Паша встретил меня по-домашнему: в старом халате и тапочках на босу ногу.
— Давненько я тебя не видел.
— Работы много.
— У всех много работы.
Вино было отвратительное.
— Как Новый год?
— Как обычно. С предками в подмосковном городе-герое.
— А я дежурил.
— Затрахали?
— Не то чтобы сильно. Но часы сломали.
— Кто?
— Барабашка.
— То есть?
— Ну полтергейст, параллельные миры, окна во времени…
Слышал, наверное, об аномальных явлениях?
— Наверное слышал.
— Наступил год аномальных явлений. Астрологи обещают самый тяжелый год в российской истории. Нашествие черных сил, дьяволизм и прочая чертовщина.
— Дедовщина.
— Это для тебя актуально.
— И что же часы?
— Остановились синхронно с сердцем тромбоэмболической бабушки. Секунда в секунду.
— Бабушка была после какой операции?
— Только готовилась на мастэктомию[61]. И врезала. Один раз завели, вызвали сосудистую бригаду.
— Короче, бабушку не спасли?
— Не-а. После эмболэктомии[62] опять «встала». Вместе с моими часами. Загадка природы.
Мои загадки датировались старым, 90-м годом, но были еще загадочнее. Зайчук позвонил в 6-ой судебный морг, который (в частности) обслуживает Боткинскую, чтобы узнать о результатах вскрытия бедолаги-таксиста. Труп туда не поступал.
— Бывает…
— Это еще не все. После дежурства пришел домой, выпил водки и лег. Поспал, купил портвейна, но влезло только полбутылки. Закрыл пробкой — точно помню — и поставил в бар. Утром бутылка открыта, портвейна на донышке.

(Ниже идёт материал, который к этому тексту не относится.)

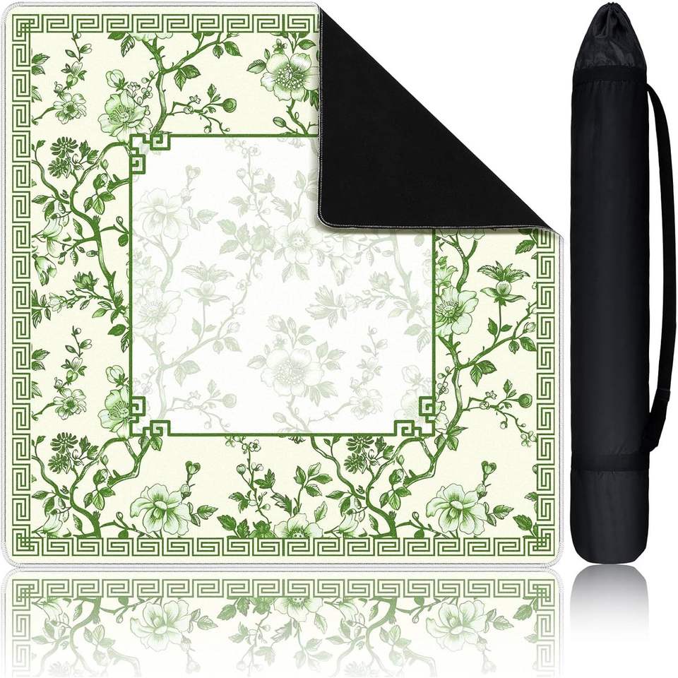 Sonwyoung Chinoiserie แผ่นไพ่นกกระจอกกันลื่น31.5 "x 31.5" ยางสีเขียวลดเสียงรบกวนอเนกประสงค์แผ่นเกม

Пробки нету. Ни в баре, ни на полу — нигде.
— А в ведре смотрел?
— Ты на что намекаешь?
— Ни на что я не намекаю. В аномальные явления верю, у самого совсем недавно был подобный случай. Первого отец повез всех на ВДНХ.
Нашли стоянку, припарковались. Стали вылезать, ветровое стекло разлетелось вдребезги. На мелкие кусочки. Рядом крутилась бабка в платочке…
— Стреляли…
— Ни хрена. И мороз был несильный.
— И стекло было каленое?
— Каленое.
— Говно.
— Новое.
— Новое говно.
Я посмотрел на часы. «Свотч», кварцевые. Купил в Германии за тридцать марок. По меткому определению Паши, новое говно.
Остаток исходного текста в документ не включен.